Cantor's theorem tells us that given a set there is always a set whose cardinality is larger. In particular given a set, its power set has a strictly larger cardinality. This means that there is no maximal size of infinity.
But this is not enough, right? There is no maximal natural numbers either, but there is only a "small amount" of those. As the many paradoxes tell us, the collection of all sets is not a set. It is a proper class, which is a fancy (and correct) way of saying that it is a collection which is too big to be a set, but we can still decide whether or not something is in that collection.
In a similar fashion we can show that the collection of all cardinalities is not a set either. If $X$ is a set of sets, $\bigcup X=\{y\mid\exists x\in X. y\in x\}$ is also a set, and its cardinality is not smaller than that of any $x\in X$. By Cantor's theorem we have that the power set of $\bigcup X$ has an even larger cardinality.
What the above paragraph show is that given a set of cardinals, we can always find a cardinal which is not only not in that set, but also larger than all of those in that set. Therefore the collection of possible cardinalities is not a set.
If $A$ is a set, then the power set $P(A)$ is a set of bigger cardinality. If $\{A_i\}_{i\in I}$ is a family of sets, then $P(\bigcup_{i\in I}A_i)$ is a set of bigger cardinality than any of the $A_i$. This allows us to define an infinite set $F(a)$ for each ordinal $a$ such that $a<b$ implies that $F(a)$ has smaller cardinality than $F(b)$. To do so, let
- $F(\emptyset)=\mathbb N$,
- $F(a)=P(F(b))$ if $a=b+1$ is the successor of $b$,
- $F(a)=P(\bigcup_{b<a} F(b))$ if $a$ is a limit ordinal
Now if a set $S$ were able to enumerate all infinite cardinalities, this would give us an injective map from the proper class of all ordinals into this set, which is absurd.

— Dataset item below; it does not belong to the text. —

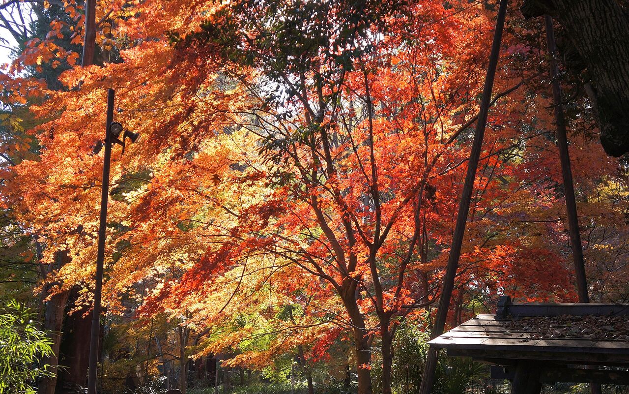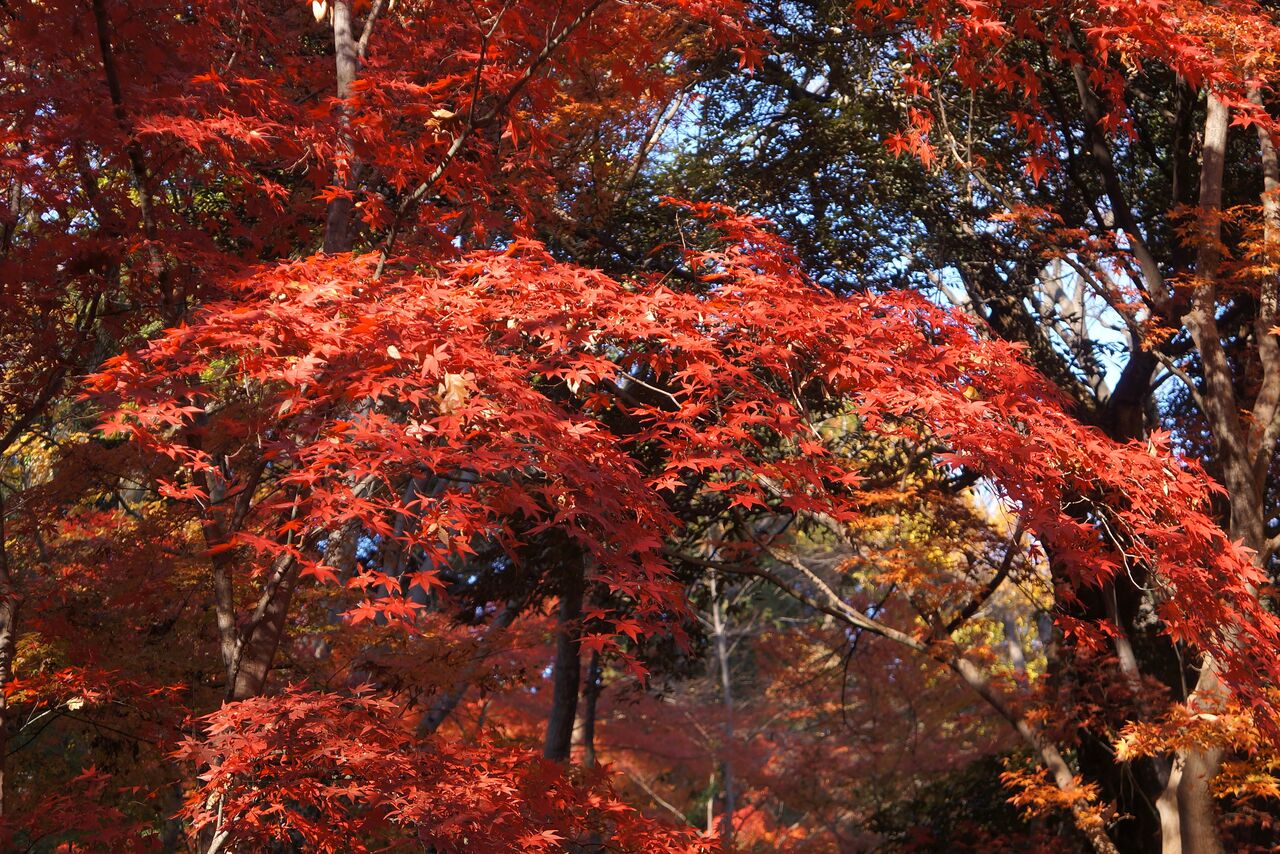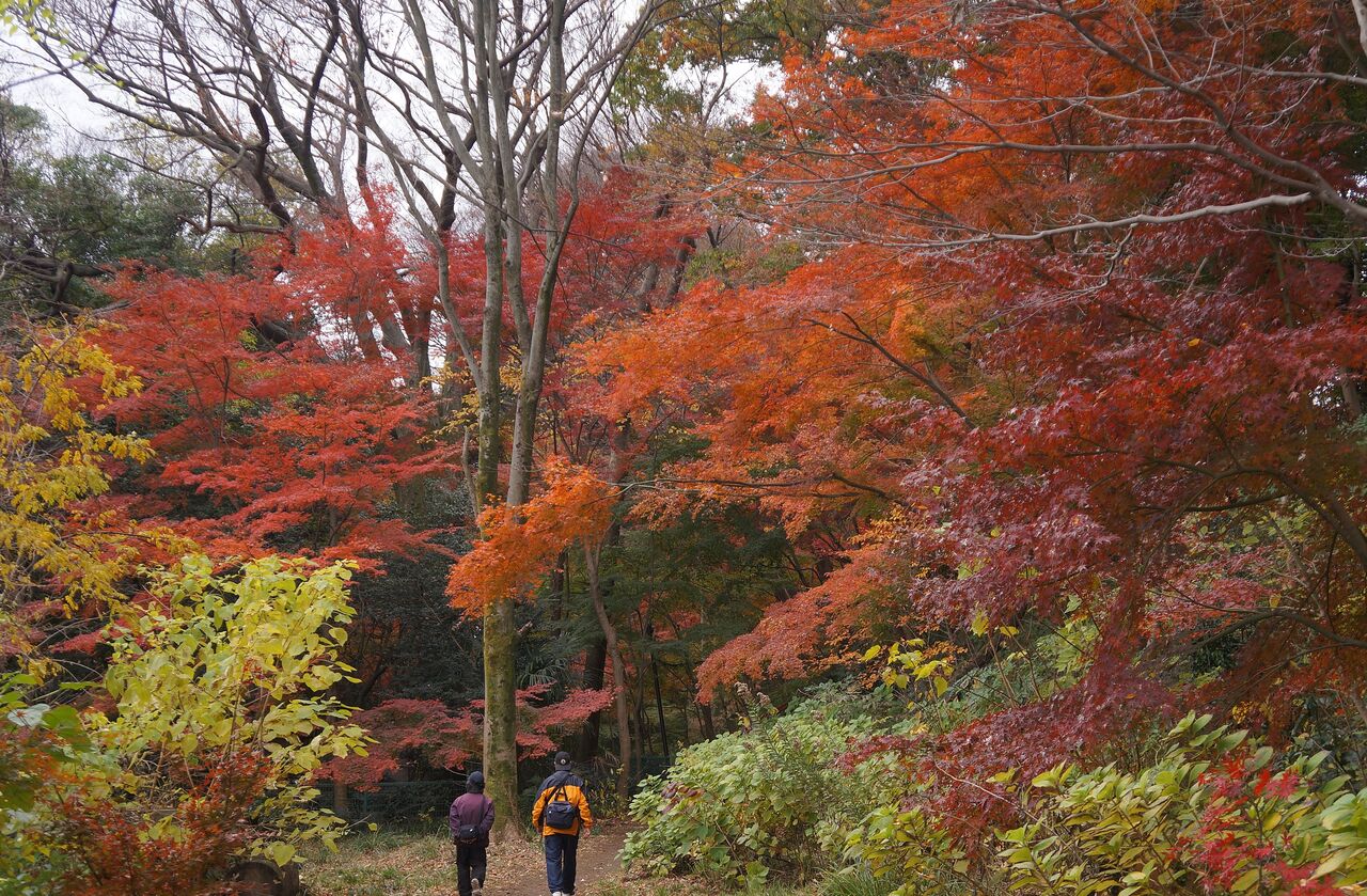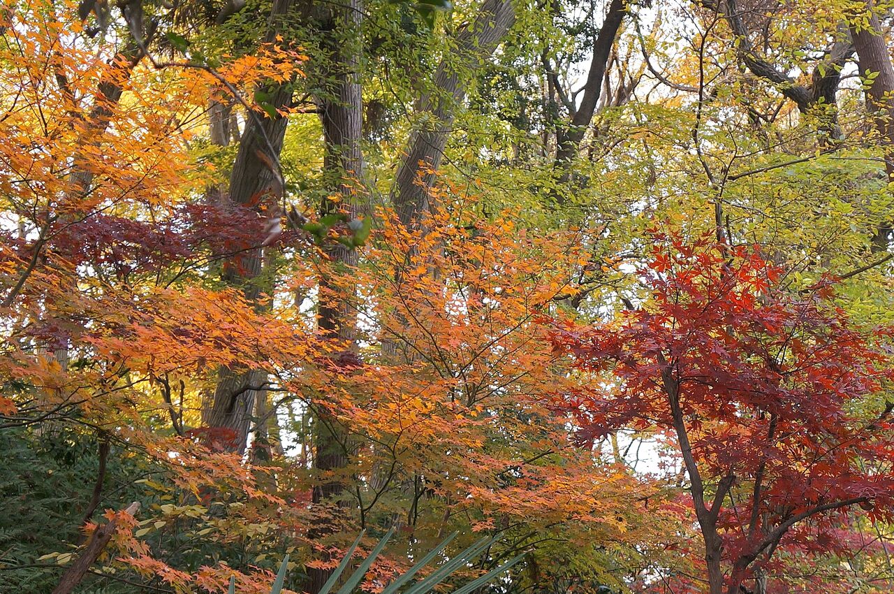 植物振興センター西園の超裏口から侵入。真っ赤なモミジがあったが、暗くて写真にならなかった。

As the other answers have pointed out (at least within the framework of ZFC), the answer is "proper class many." Let me just point out that this isn't the end of the story.

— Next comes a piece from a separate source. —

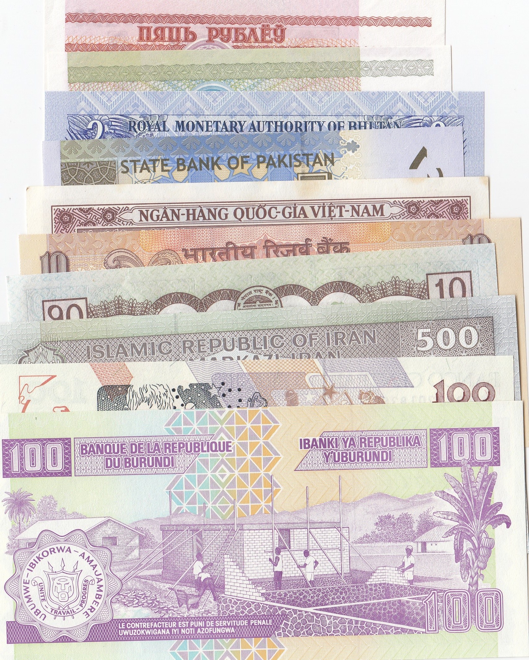 India 10 Rupees, Vietnam 1 Dong, İran 500 Rials, Tibet 10 Rupees, Belarus 5 Ruble, Pakistan 5 Rupees,

We can ask whether two proper classes have the same size, by asking about the existence of a definable bijection, etc. In this sense the class of ordinals - or equivalently of cardinalities of well-orderable sets (=initial ordinals) - is actually small: every other proper class surjects onto it! Given a proper class $C$, consider the map $rk: C\rightarrow ON$ sending a set $x\in C$ to the unique $\alpha$ such that $x\in V_{\alpha+1}-V_\alpha$ - that is, its (von Neumann) rank. This is well-defined, and maps $C$ to a cofinal subclass $S$ of $ON$. Now we can "collapse" $S$ onto $ON$ by sending $\alpha\in S$ to $ot(\{\beta\in S: \beta<\alpha\})$; this is surjective. Composing these two maps gives a surjection from $C$ to $ON$.

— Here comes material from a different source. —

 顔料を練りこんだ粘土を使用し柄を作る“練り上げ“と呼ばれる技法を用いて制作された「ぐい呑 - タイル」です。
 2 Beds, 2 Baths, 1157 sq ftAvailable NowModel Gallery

Meanwhile we can construct models in which there is a proper class $C$ with no surjection from $ON$ (let alone an injection into $ON$): see Joel David Hamkins' answer to https://mathoverflow.net/questions/110799/does-zfc-prove-the-universe-is-linearly-orderable.
Finally, we could ask: can there be a proper class $C$ such that $ON$ does not inject into $C$? This is a subtler question, and class injections are weird things; but I believe the answer is yes via class forcing (I vaguely recall seeing this a long time ago, and it being relatively simple, but I can't remember the details).
The distinction between injection and surjection above might make you think, "But wait a minute! Don't we have the axiom of choice to simplify things?" Indeed we do, but the axiom of choice treats only sets, and at the level of classes "injects into" and "is surjected onto" are still distinct, a priori. We can have an "axiom of choice for classes" (called global choice), if we enlarge our language a bit to talk about classes, and this axiom implies that all proper classes have the same size.